The truth is that we, as a people, are gradually becoming more and more self-centred, self-consumed, self-righteous, spiritually empty, and less and less capable of appreciating and valuing the worth of other human beings. And, we too, are subjecting ourselves to a surfeit of mindless entertainment and social media titillations and trivialities, and are gradually drifting away from the guidance of a moral code and a communal ethic.

Now that we have sketched this background, we can acknowledge that at the very core of incidents of senseless, violent and destructive behaviour are alienated persons devoid of empathy with their fellow citizens and emotionally and even socially disconnected from our national society.

Thus, the national response to this phenomenon must be an organised effort to establish a new and significantly different cultural reference-point and to instil in our people, particularly our youth, a sense of community; a sense that they “belong” to the Barbadian nation/society; a sense that they are connected in some vital way to the entire society and body politic – that they are our communal sons, daughters, brothers, sisters, cousins. And this, of course, has implications for our education system and the fundamental educational reform process that we know is desperately needed, but that we keep on postponing!
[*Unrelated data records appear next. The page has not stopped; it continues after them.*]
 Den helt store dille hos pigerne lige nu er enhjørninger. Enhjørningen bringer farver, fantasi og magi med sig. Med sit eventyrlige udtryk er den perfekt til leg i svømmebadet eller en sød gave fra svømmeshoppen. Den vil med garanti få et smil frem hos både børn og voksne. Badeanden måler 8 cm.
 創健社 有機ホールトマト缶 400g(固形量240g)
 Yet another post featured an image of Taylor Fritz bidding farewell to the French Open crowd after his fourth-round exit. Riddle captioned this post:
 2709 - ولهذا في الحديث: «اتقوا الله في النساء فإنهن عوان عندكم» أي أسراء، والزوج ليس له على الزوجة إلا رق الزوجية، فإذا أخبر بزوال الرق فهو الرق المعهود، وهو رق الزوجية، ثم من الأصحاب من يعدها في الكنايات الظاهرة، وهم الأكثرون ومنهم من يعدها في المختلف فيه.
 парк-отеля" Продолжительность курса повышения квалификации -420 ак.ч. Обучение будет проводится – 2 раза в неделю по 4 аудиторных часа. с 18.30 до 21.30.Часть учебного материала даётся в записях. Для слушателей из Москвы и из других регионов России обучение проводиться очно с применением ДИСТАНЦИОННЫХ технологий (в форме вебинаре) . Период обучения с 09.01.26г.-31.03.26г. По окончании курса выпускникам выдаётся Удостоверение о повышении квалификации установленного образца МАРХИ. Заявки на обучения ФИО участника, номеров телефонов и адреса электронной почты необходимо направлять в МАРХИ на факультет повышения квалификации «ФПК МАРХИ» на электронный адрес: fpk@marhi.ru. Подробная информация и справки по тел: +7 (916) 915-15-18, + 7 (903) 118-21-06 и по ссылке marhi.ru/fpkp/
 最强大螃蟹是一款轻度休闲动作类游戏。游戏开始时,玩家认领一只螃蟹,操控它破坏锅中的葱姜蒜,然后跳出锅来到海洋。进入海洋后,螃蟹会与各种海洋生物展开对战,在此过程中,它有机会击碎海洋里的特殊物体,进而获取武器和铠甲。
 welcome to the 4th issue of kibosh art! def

The sad reality is that far too many of our Barbadian children and adolescents are not being sufficiently nurtured, cared for, and prepared for life. We must therefore determine how we can so restructure the structure and content of our formal and informal education and socialisation processes so that we do a much better job of instilling in our youth an acceptance and appreciation of themselves as sacred beings; a deep respect and regard for humanity/other human beings; a sense of personal responsibility; and a notion of duty to family, community, nation and humanity.
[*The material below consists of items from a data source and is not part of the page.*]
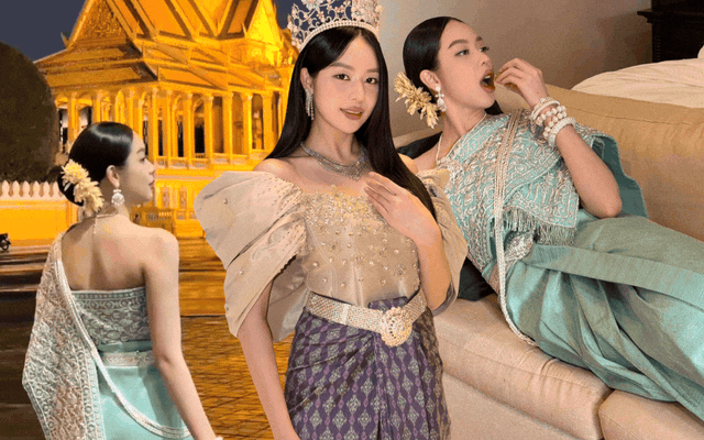Nàng Hậu cũng nhanh chóng hoá thân thành người con gái bản địa với bộ sampot màu xanh ngọc ánh bạc, được thêu tay tinh xảo và điểm xuyết bằng những chuỗi hạt ngọc trai cùng hoa tai bản lớn. Từng chi tiết từ kiểu búi tóc chải bóng, đóa hoa vàng cài lệch sau tai đến lớp trang điểm nhẹ trong veo đều gợi hình ảnh người phụ nữ Khmer duyên dáng, nền nã nhưng vẫn sang trọng.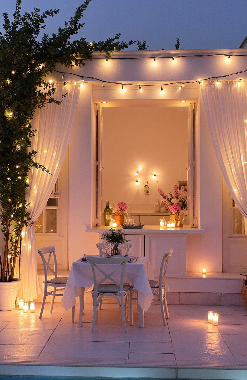 Imagine a romantic terrace with soft lighting, delicate decor, and a cozy kitchen. Use shades of pink and white, with floral accents. A small dining setup for two can be perfect for intimate dinners.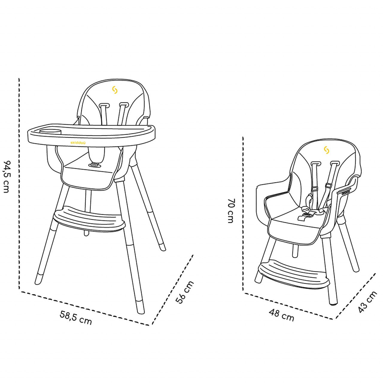 Scaun de masa 2 in 1 transformabil Sunt de la Skiddou este un scaun ce creste odata cu copilul! Acesta este mai intai un scaun de hranire pentru copii incepand cu varsta de 6 luni ca mai apoi sa se poata transforma in versiunea mai joasa conceputa pentru copiii mai mari. Caracteristici: - scaun 2 in 1 : scaun de masa inalt pentru bebelusi de la 6 luni pana la 3 ani sai 15 kg, ca mai apoi sa se poata transforma intr-un scaun jos pentru copiii de pana la 5 ani. - Tava cu compartimente ce se poate scoate pentru a putea fi spalata avand 3 pozitii - Suport pentru picioare ce poate fi scos - Spatar inalt - nu este doar un element estetic sau de confort - este o modalitate de a ajuta la cresterea armonioasa a coloanei vertebrale - Sistem de siguranta cu centuri cu prindere in 5 puncte - Materiale de calitate : este fabricat din piele ecologica , tapiteria este lavabila facilitand mentinerea curata a mobilierului iar designul scandinav face ca modelul Sunt sa se incadreze perfect in stilul oricarui interior modern. De asemenea, are picioare rezistente din lemn de fag care asigura stabilitate si siguranta. - Protectiile speciale de pe picioare asigura stabilitatea produsului si protejeaza suportul impotriva zgarieturilor. - Asamblarea intuitiva a mobilierului necesita putin timp si va permite sa schimbati inaltimea scaunului fara instrumente suplimentare. - conform normelor europene de siguranta EN 71-2 si EN 71-3 Dimensiuni scaun inalt: 58.5x56x94.5 cm Dimensiuni scaun jos: 48x43x70 cm Greutatea maxima recomandata: 20 kg Greutate produs: 5 kg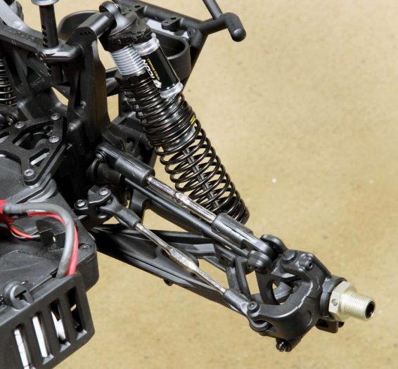 The steering system consists of a dual bellcrank setup that uses an integrated, non- adjustable servo saver. The servo saver spring is captured in a cool little ‘cage’ that helps set and keep the tension. The servo mounts straight to molded chassis posts with the draglink running through a little tunnel under the top deck. The servo looks a little puny in the massive chassis and will probably be doing a lot of work, so I’m going with Futaba’s powerful BLS371SV S. Bus2 Programmable servo. This guy pumps out a happy 264oz./in. of torque which should be plenty to keep this behemoth pointed in the right direction.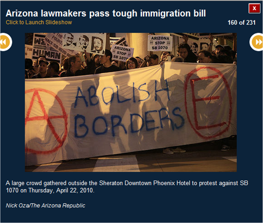 The pictures included here are all downloaded from the azcentral.com website. I use them to prove that many of the activists were bused in from Los Angeles. I show you the masks (think who else wears masks) and the raised fists (remember who did that?) and the hateful signs. I also show you pictures of the crowds (hundreds, not thousands).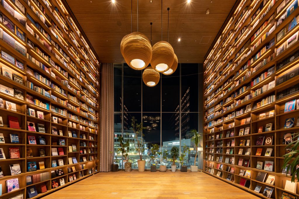 会場は4階、SNSでも話題の7m本棚があるイベントスペース。

And, of course, we must also frontally address the phenomenon of negative cultural penetration in all of its many guises. Let us begin with simple awareness of the problem. We must therefore make a communal effort to develop a national awareness that our nation exists within an international capitalist cultural environment in which some of the most negative, anti-social, and even anti-human values are currently being propagated, extolled, and imposed, and that we have to be on guard as a nation as to what values, social practices, and culture we accept.

Such a national awareness should, in turn, produce a collective determination to NOT be mere culture imitators or borrowers! Rather, we should be impelled to counter negative cultural penetration through our own nationally and institutionally organised processes of analysis of the external environment in which we exist, and also by developing, having faith in, and pursuing our own indigenous, self-generated, healthy and attractive cultural alternatives.
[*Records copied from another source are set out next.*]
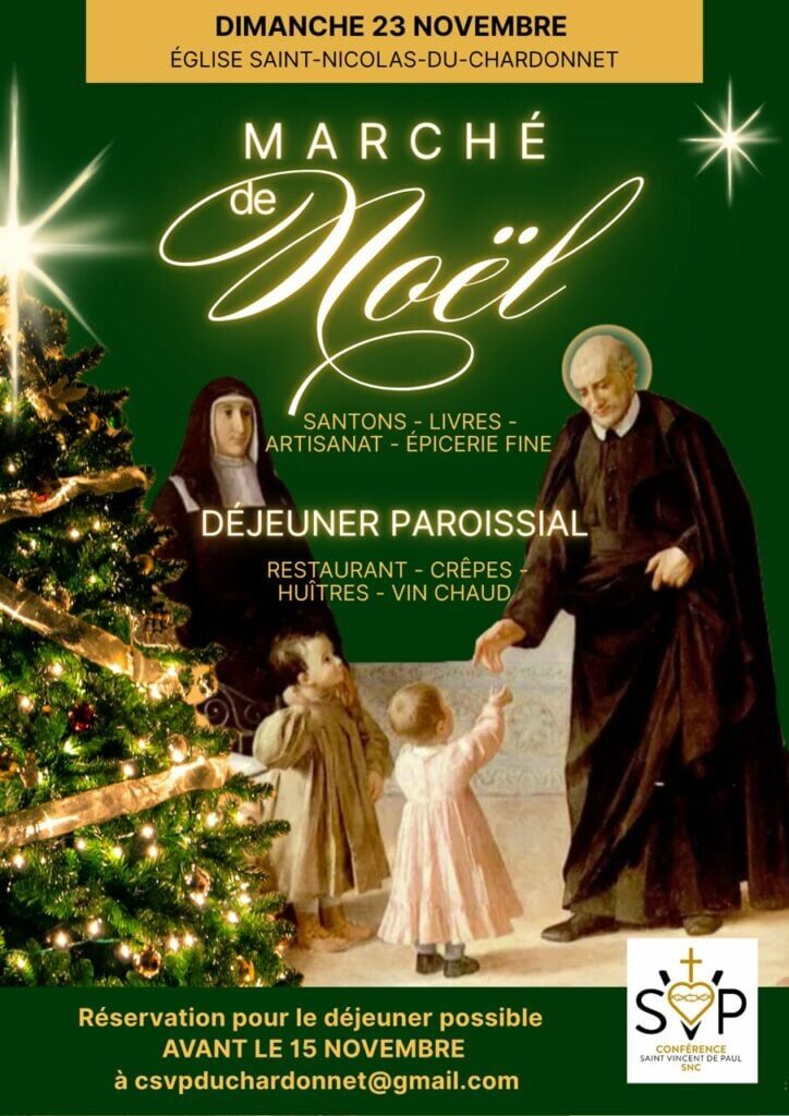La Conférence Saint Vincent de Paul de Saint-Nicolas du Chardonnet à Paris (FSSPX) vous invitent à son Marché de Noël les 23 novembre pour financer ses oeuvres de charité :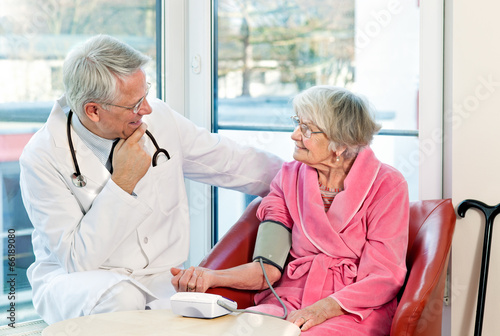 © belahoche, Obraz premium Doctor taking an elderly womans blood pressure.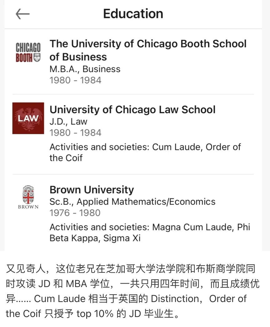 四年拿到芝大的JD/MBA双学位,且是Top10%的Order of the Coif。而且本科布朗,大概率出身不错。

Finally, let us, at the highest levels of our national, political and economic governance develop a culture/philosophy/ideology/value system that is based on the notion of the “General Welfare” – the idea that every citizen matters; that no one is to be callously discarded and left behind; and that the highest and most powerful political and economic entities of our nation must accept that they possess a responsibility for the wellbeing of every citizen.

I am aware that what I am calling for is a fundamental revamping of our society – a root and branch examination and reform of our institutions, their purposes, functions and values. But the truth is that nothing short of this will suffice.